Genetic mechanisms involved in cellular recovery from oxidative stress

Abstract

Sophisticated biochemical networks allow organisms such as bacteria and insects to switch from very rapid growth and development in ideal environments to dormancy during severely unfavorable conditions. These switches may be accompanied by abrupt changes in oxidation/reduction involving reactive oxygen species (ROS). ROS have the potential of damaging nucleic acids, proteins, and membranes. In Escherichia coli, certain genetically regulated circuits (regulons) turn on synthesis of anti‐oxidant enzymes to protect against distinct ROS excesses (superoxide, hydrogen peroxide, organic or lipid peroxides, etc.).
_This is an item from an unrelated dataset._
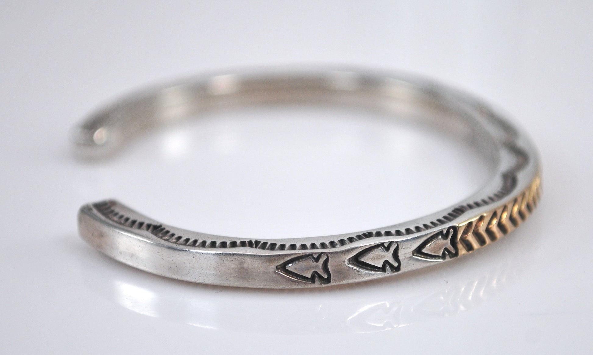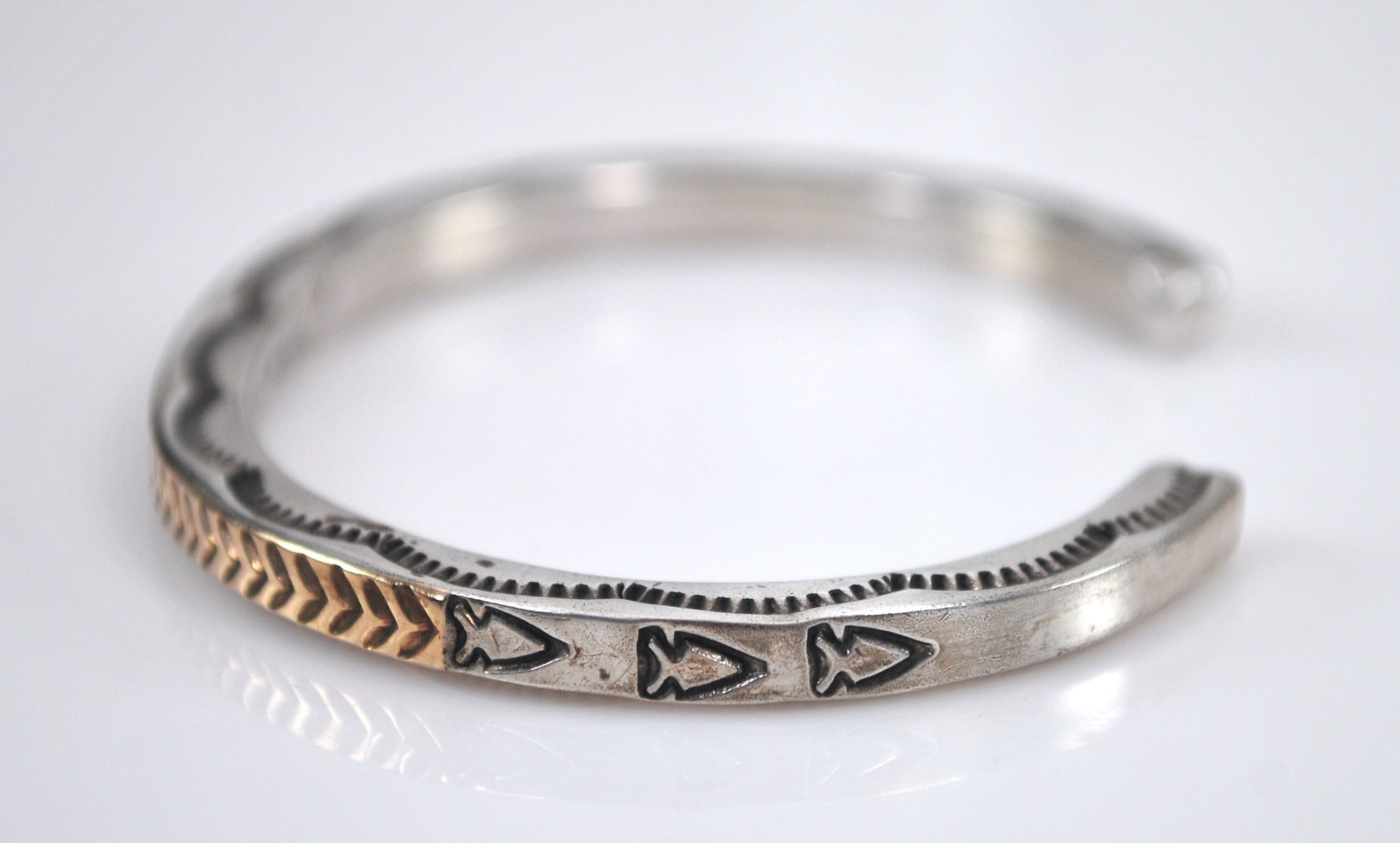 Vintage Southwestern Navajo handmade mixed metal cuff bracelet is signed with the Alvin Monte hallmark STERLING 14K and features a 14K yellow gold top. This bracelet is for a SMALL WRIST, no larger than 6 inches.

As examples, the soxRS regulon controls synthesis of Mn‐superoxide dismutase, oxyR controls catalase HPI, rpoS positively regulates HPII, and fur regulates several oxidative reactions that involve iron uptake. Our studies have focused on the regulatory role of rpoS, known to be a sigma factor (σ³⁸) that combines with RNA polymerase and is a regulator of those gene products needed to protect cells during dormancy. Since insect cells, during both active growth and dormancy, endure severe environments, analogous protective gene products may be induced. Examples are presented of insect anti‐oxidant metabolism, including those involved in the aging process. In addition, we searched several DNA and protein sequence data banks to compare resemblances between anti‐oxidant gene products of bacteria and insects.